A deficiência de ferro também é muito difundida em adultos e reduz profundamente a energia e produtividade das classes trabalhadoras atingindo 40% da população, atingindo 40% das gestantes nos países em desenvolvimento e causa, também, a morte de 60 mil mulheres grávidas por ano por todo o mundo. Sabe-se também que crianças com insuficiência de ferro possuem um quociente de inteligência de 5 a 7 pontos menores (COZZOLINO, 2007, UNICEF, 2004).

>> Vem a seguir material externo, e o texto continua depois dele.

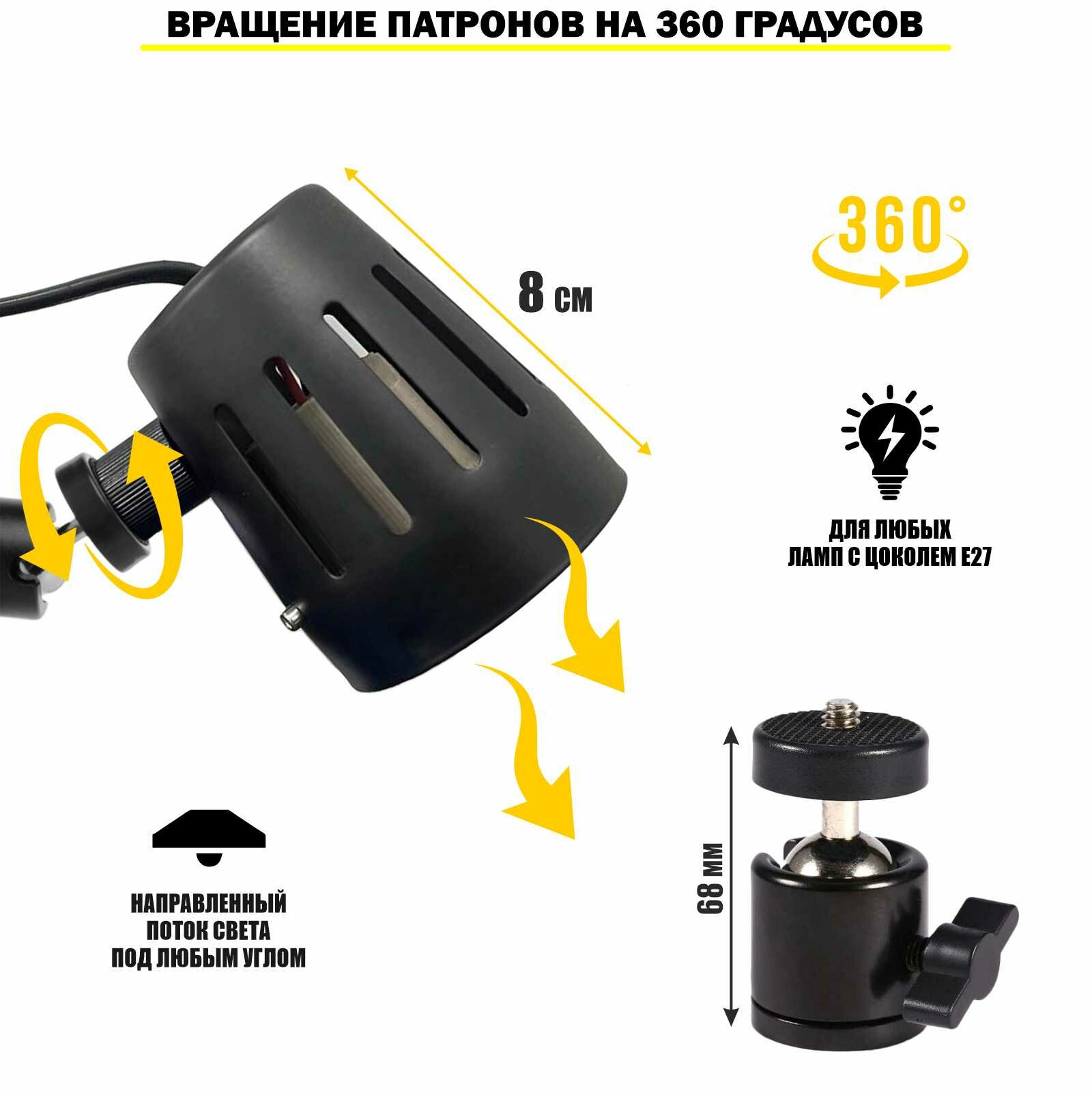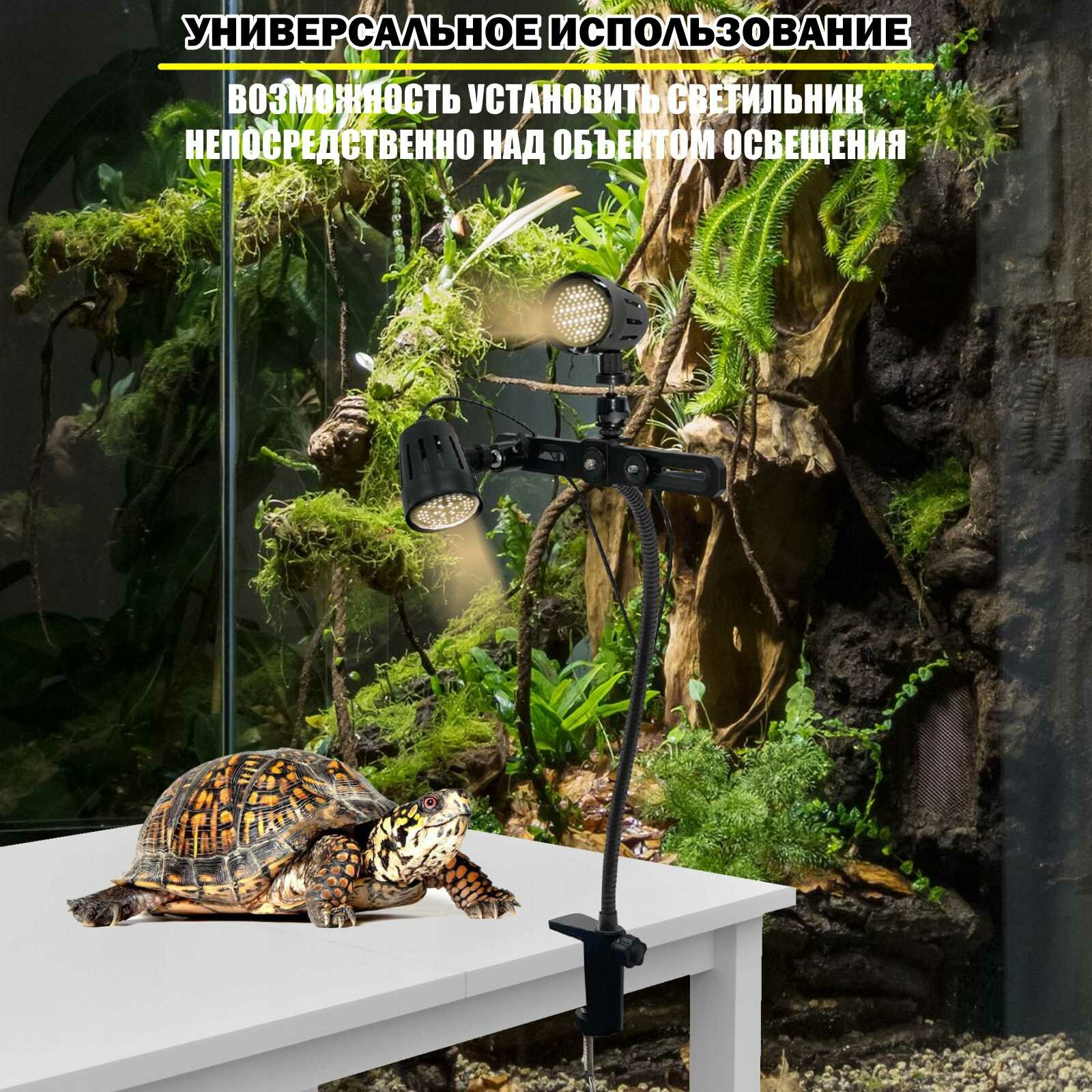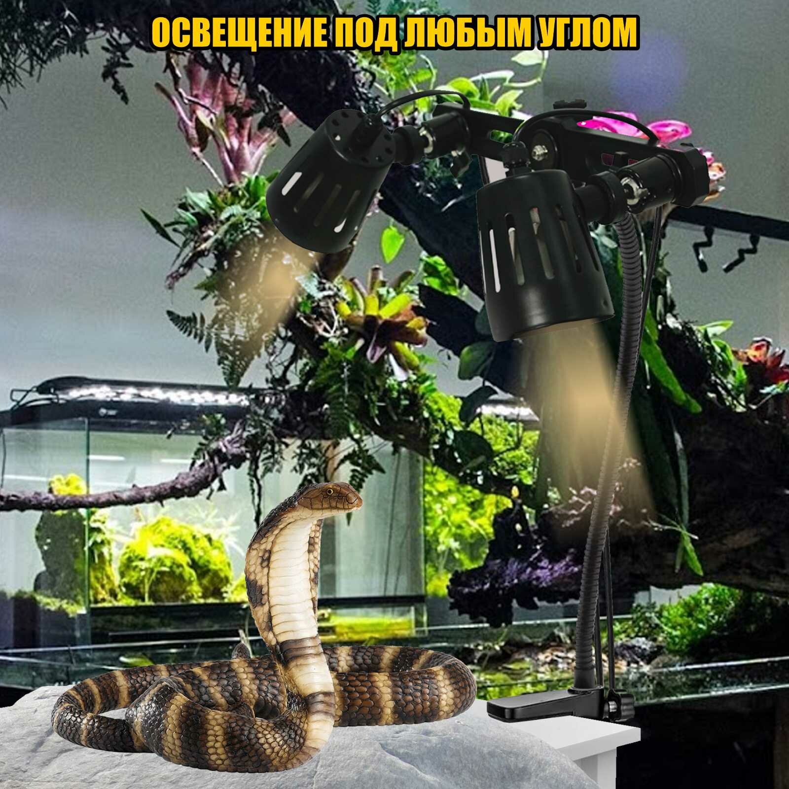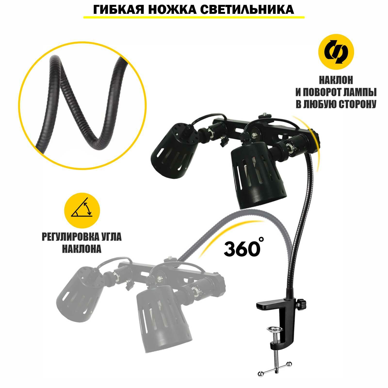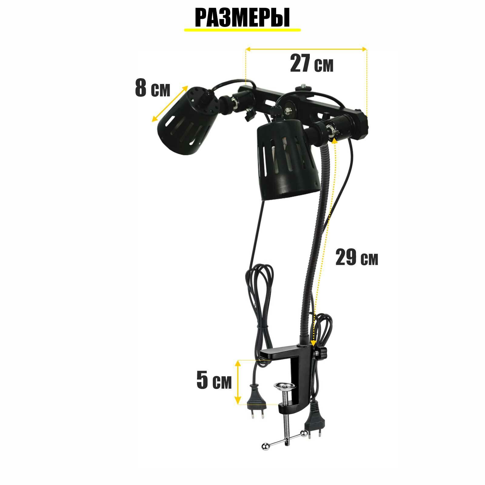 Гибкий черный настольный светильник для террариума G35S-2P с 2 патронами на усиленной струбцине интересное:

A estimativa global da prevalência da deficiência do zinco é de 31%. A prevalência dessa carência varia de 4 a 7% na América do Norte, em Cuba, na maioria dos países da Europa e em países desenvolvidos da Oceania; de 9 a 26% na maior parte da América Latina, incluindo o Brasil, no Caribe, em alguns países do leste europeu, e países em desenvolvimento da Oceania; 68% na Bolívia, Peru, Haiti, Equador e Guatemala; entre 37 e 62% na África Central e do Sul; entre 35 a 52% no norte da África e países mediterrâneos; entre 34 a 73% em países do sul e sudeste da Ásia (CAULFIELD, BLACK, 2004).
Cerca de 18 milhões de crianças nascem com deficiência mental devido a carência de iodo. Dois terços das produtoras mundiais de sal enriquecem seu sal de cozinha com iodo e 70% dos neonatos de hoje estão protegidos da deficiência de iodo por essa medida. No Brasil, 87% das famílias tem acesso ao sal de cozinha enriquecido com iodo. No Brasil, apenas 5% da população sofre de bócio, porcentagem bastante reduzida se comparado a países como Afeganistão (48%) e Burundi (42%). Apenas 14 países do mundo possuem índices de prevalência de deficiência de iodo acima de 10%. Alguns deles, Afeganistão, Burundi, Índia e Paquistão, possuem índices acima de 20%. Os baixos níveis de deficiência de iodo em relação à vitamina A ou ferro mostram a eficiência da suplementação. Mesmo assim, ainda todo ano, 50 milhões de crianças nascem sem acesso ao sal iodado e aproximadamente 18 milhões dessas crianças sofrerão severa deficiência metal devido à carência de iodo. A deficiência em iodo é a principal causa de retardo mental evitável no mundo hoje (UNICEF, 2004).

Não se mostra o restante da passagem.